Brinsley after this exercised his pastoral duties in Lothingland, and, through the interest of Sir John Wentworth of Somerleyton Hall, was appointed to the cure of the parish of Somerleyton. In 1642 Brinsley was again chosen one of the town preachers at Yarmouth, and was one of the investigators of the 1645 witch-hunt in the town, and it is said that in 1650 he occupied the north aisle of the church with the Presbyterians, while William Bridge with the Congregationalists was in possession of the chancel, and the south aisle, with the nave, was left to the prayer book minister. Service in all these was performed simultaneously, the corporation having divided the building for the purpose in 1650.
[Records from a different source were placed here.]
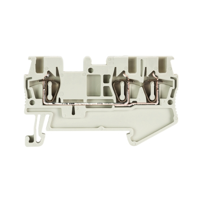 Проходная клемма, 3 точки подключения, тип фиксации провода: пружинный, номинальное сечение: 4 мм кв., 32A, 800V, ширина: 6 мм, цвет: серый, тип монтажа: DIN35
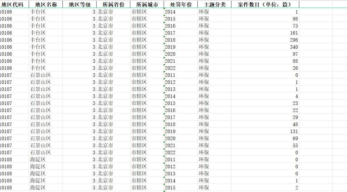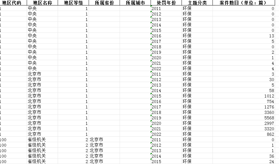 4、指标:地区代码、地区名称、地区等级、所属省份、所属城市、处罚年份、主题分类、案件数目
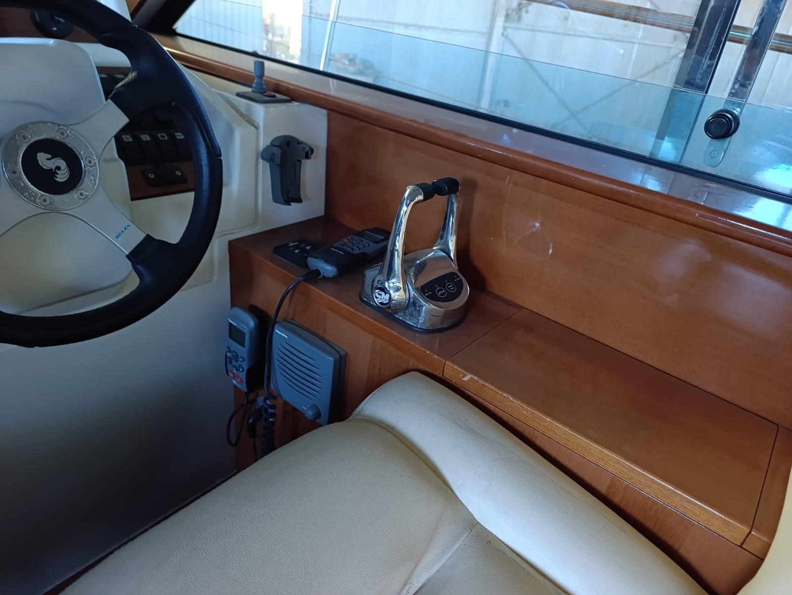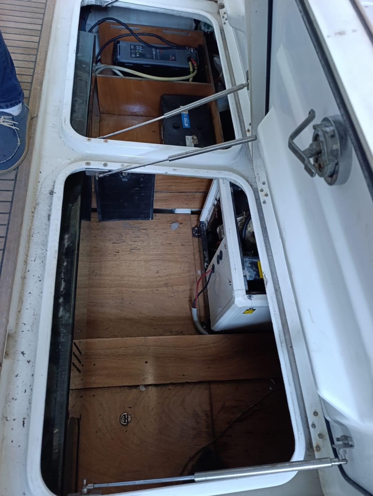 Alarme moteur, Eau sous pression, Batteries (nuove), Filères (teak), Douche de cockpit (CALDA E FREDDA), Double barre à roue, 2 Flaps hydrauliques, Indicateurs de flaps, Passerelle, Plateforme arrière (TEAK), Pompe de cale automatique, Porte latérale, Cockpit en teck, Onduleur, Guindeau électrique, Echelle de bain, Corne.
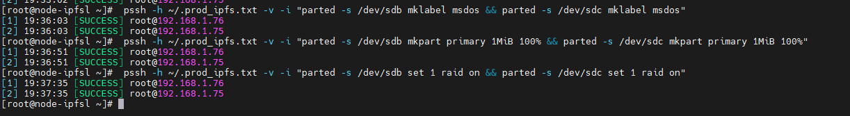 [root@node-ipfsl ~]# pssh -h ~/.prod_ipfs.txt -v -i "parted -s /dev/sdb set 1 raid on && parted -s /dev/sdc set 1 raid on"
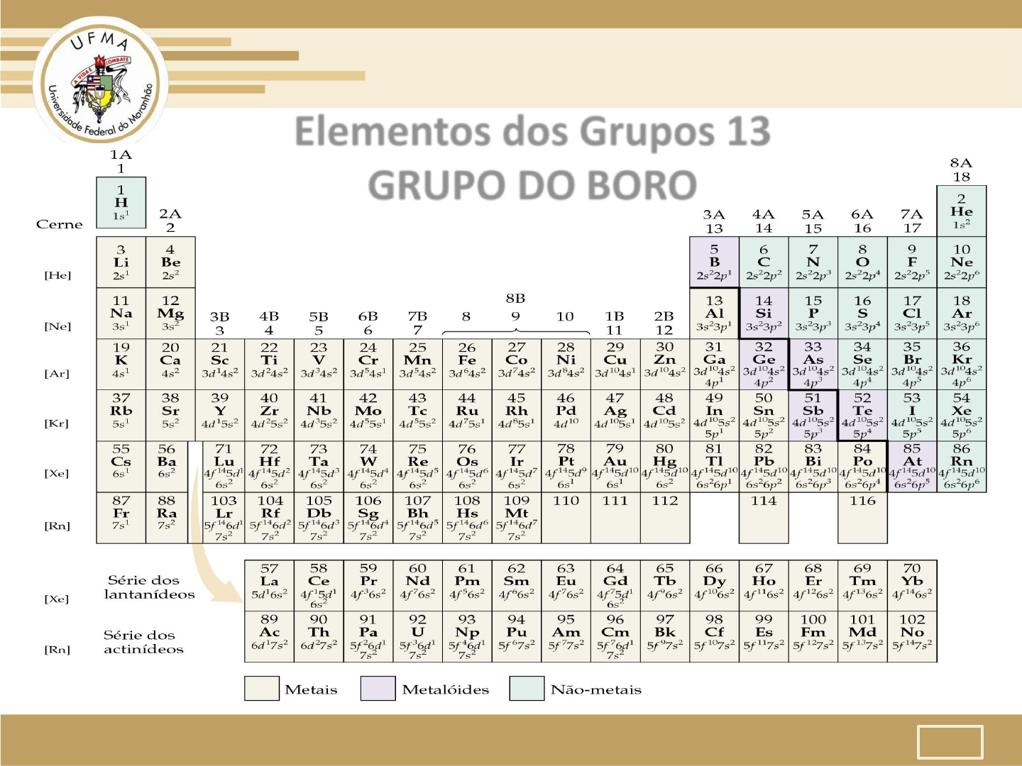 curso Química disciplina Quimica Inorgânica I 01/45 Elementos dos Grupos 13 GRUPO DO BORO curso Química disciplina Quimica Inorgânica I 02/45 Configuração eletrônica e propriedades (Pauling) B [He]2s22p1 metalóide 2,04 Al [Ne]3s23p1 metal 1,61 Ga [Ar]3d104s24p1 metal 1,81 In [Kr]4d105s25p1 metal 1,78 Tl [Xe]4f145d106s26p1 metal 1,62 Sempre forma ligações covalentes Al, Ga, In e Tl são metais moderadamente reativos; Seus compostos situam-se no limite entre aqueles com caráter iônico e covalente; Efeito do par inerte cresce à medida que desce o Grupo . Elementos dos Grupos 13 PROPRIEDADES GERAIS Boro É um não metal Sempre forma ligações covalentes, e normalmente três ligações com ângulos de 120º Não possui nenhuma tendência de formar compostos monovalentes Todos compostos BX3 são deficientes Elementos dos Grupos 13 Al, Ga, In e Tl Formam compostos trivalentes São metais moderadamente reativos Muitos dos seus compostos são covalentes quando anidros, mas formam íons em solução Seus compostos se situam entre aqueles com caráter iônico e covalentes PROPRIEDADES GERAIS Elementos dos Grupos 13 curso Química disciplina Quimica Inorgânica I 13/45 Ocorrência Abundância B Bórax – Na2[B4O5(OH)4].8H2O 38º. Al Bauxita – Al2O3.3H2O 3º. Ga Na forma de sulfetos e como impurezas em minérios dos elementos adjacentes 33º. In 63º. Tl 60º. 03/45 curso Química disciplina Quimica Inorgânica I curso Química disciplina Quimica Inorgânica I 04/45 Obtenção do Alumínio Processo Bayer O minério triturado é dissolvido em NaOH 30% (em massa) a 150 - 230C e alta pressão (30 atm para impedir a ebulição). Al2O3 dissolve: Al2O3.H2O(s) + 2H2O(l) + 2OH-(aq) 2Al(OH)4-(aq) A hidróxido de alumínio pode ser obtido por redução do pH. A alumina é obtida pela calcinação do hidróxido de aluminio. 05/45 curso Química disciplina Quimica Inorgânica I Processo Hall-Héroult Usa o Al2O3 purificado em criolita fundida (Na3AlF6, ponto de fusão 1012C). Anodo: C(s) + 2O2-(l) CO2(g) + 4e- Catodo: 3e- + Al3+(l) Al(l) Os bastões de grafite são consumidos na reação. Para a produção de 1.000 kg de Al, precisamos de 4.000 kg de bauxita, 70 kg de criolita, 450 kg de anodos de C e 56 109 J de energia. 06/45 curso Química disciplina Quimica Inorgânica I Eletrometalurgia 07/45 curso Química disciplina Quimica Inorgânica I Indústria do Al 08/45 curso Química disciplina Quimica Inorgânica I curso Química disciplina Quimica Inorgânica I 09/45 Rmet (Å) B [He]2s22p1 0,88 Al [Ne]3s23p1 1,43 Ga [Ar]3d104s24p1 1,22 In [Kr]4d105s25p1 1,67 Tl [Xe]4f145d106s26p1 1,70 Tetragonal Ortorrômbica Tamanho atômico B, In Al Ga Tl B Icosaedro Rmet (Å) B [He]2s22p1 0,88 Al [Ne]3s23p1 1,43 Ga [Ar]3d104s24p1 1,22 In [Kr]4d105s25p1 1,67 Tl [Xe]4f145d106s26p1 1,70 Não aumenta regulamente no grupo Raios iônicos dos íons M3+ aumentam de cima para baixo, mas não de maneira regular Razões: Não evidências da existência de B3+. Blindagem ineficiente Contração do bloco d (Ga e In) Contração Lantanidica (Tl) Tamanho atômico Orbitais atômicos 10/45 curso Química disciplina Quimica Inorgânica I Energias de ionização (kJ/mol) Elemento 1º. 2º. 3º. B 801 2.427 3.659 Al 577 1.816 2.744 Ga 579 1.979 2.969 In 558 1.820 2.704 Tl 589 1.971 2.877 Os valores não decrescem regularmente dentro do Grupo; 12/45 curso Química disciplina Quimica Inorgânica I 14/45 TFusão (oC) TEbulicao (oC) B [He]2s22p1 2180 3650 Al [Ne]3s23p1 660 2467 Ga [Ar]3d104s24p1 30 2403 In [Kr]4d105s25p1 157 2080 Tl [Xe]4f145d106s26p1 303 1457 As temperaturas de fusão não variam regularmente – diferenças nas estruturas cristalinas. curso Química disciplina Quimica Inorgânica I 15/45 Caráter Metálico Elemento M3+|M (V) M+|M (V) B -0,87 / Al -1,66 +0,55 Ga -0,56 -0,79 In -0,34 -0,18 Tl +1,26 -0,34 Aumento do caráter metálico do B → Al; Ga, In, Tl – não seguem a ordem esperada (contração d); O estado III se torna menos estável à medida que desce o Grupo. Tendência normal esperada Aumento do raio Blindagem ineficiente dos eletrons d (Ga e In) E f para (Tl) curso Química disciplina Quimica Inorgânica I 16/45 Comportamento anômalo do Boro Pequeno tamanho; Maior eletronegatividade; Ausência de orbitais d Ex: O boro forma sempre ligações predominantemente covalentes; O boro forma sempre ligações no estado de oxidação (+III); O óxido de boro, B2O3, possui caráter ácido, enquanto que o Al2O3 é anfótero. Propriedades Químicas Estados de oxidação +I – Efeito do par inerte; Os elétrons s não participam das ligações – contração d e íons com menores poder polarizante (maior caráter iônico na ligação); Não se limita aos elementos mais pesados do Grupo 13 ( Pb2+, Bi3+); GaCl2 – Ga+[GaCl4]- (Não existem estados divalentes para estes elementos) Estado de oxidação (III) Elementos desse grupo apresentam estado de oxidação (III) mais estável – exceção do Tl; As ligações são iônicas ou covalentes? Alguns fatos sugerem a covalência: Regras de Fajas – Tamanho reduzido e elevado estado de oxidação A soma das três energias de ionização (Ia) são muito grandes Valores das eletronegatividades dão maiores que para os grupos 1 e 2. ESTADOS DE OXIDAÇÃO E TIPOS DE LIGAÇÕES A Ia para o boro é tão elevada que esse elemento só forma ligação covalente e no estado de oxidação (+III). Compostos como AlCl3 e GaCl3 são covalentes quando anidros, mas se ionizam em solução. AlCl3 Ia = 5.137 kJmol-1 Hhidrat. = 5.808 kJmol-1 Logo, o AlCl3 se ionização em solução ESTADOS DE OXIDAÇÃO E TIPOS DE LIGAÇÕES ESTADOS DE OXIDAÇÃO E TIPOS DE LIGAÇÕES Estado de Oxidação do Efeito do Par Inerte Grupo 1 – Elementos monovalentes Grupo 2 - Elementos divalentes Grupo 3 - Era de se esperar que todos os elementos fossem trivalentes. Há casos neste grupo com formação de compostos com estado de oxidação (+I) para elementos deste grupo. Por que se formam compostos mon

At the Restoration and the Act of Uniformity 1662 he was ejected for refusing the terms of conformity. He died on 22 January 1665, and he was buried in St. Nicholas's Church, Yarmouth, with several others of the family.

==Works==
Brinsley published many treatises and sermons, including:

- The Healing of Israels breaches, London, 1642.
- Church Reformation tenderly handled in four sermons, London, 1643.
- The doctrine and practice of Pædo-baptisme asserted and vindicated, London, 1645.
- Stand Still; or, a Bridle for the Times, London, 1647 and 1652.
- Two Treatises: the One handling the Doctrine of Christ's Mediatorship. The other of Mystical Implantation, 2 parts, London, 1651–2.
- The Mystical Brasen Serpent, with the Magnetical Vertue thereof; or, Christ exalted upon the Cross, 2 parts, London, 1653.
- Two Treatises: I. The Saints Communion with Jesus Christ. II. Acquaintance with God, London, 1654.
- Two Treatises: I. A Groan for Israel; or, the Churches Salvation (temporall, spirituall), the desire and joy of Saints'; II. Περιφέρεια. The Spirituall Vertigo, or Turning Sickness of Soul-Unsettlednesse in matters of Religious Concernment, 2 parts, London, 1655.
- Gospel Marrow, the great God giving himself for the sons of men; or, the sacred Mystery of Redemption by Jesus Christ, with two of the ends thereof, justification and sanctification, doctrinally opened, and practically applied, 2 parts, London, 1659.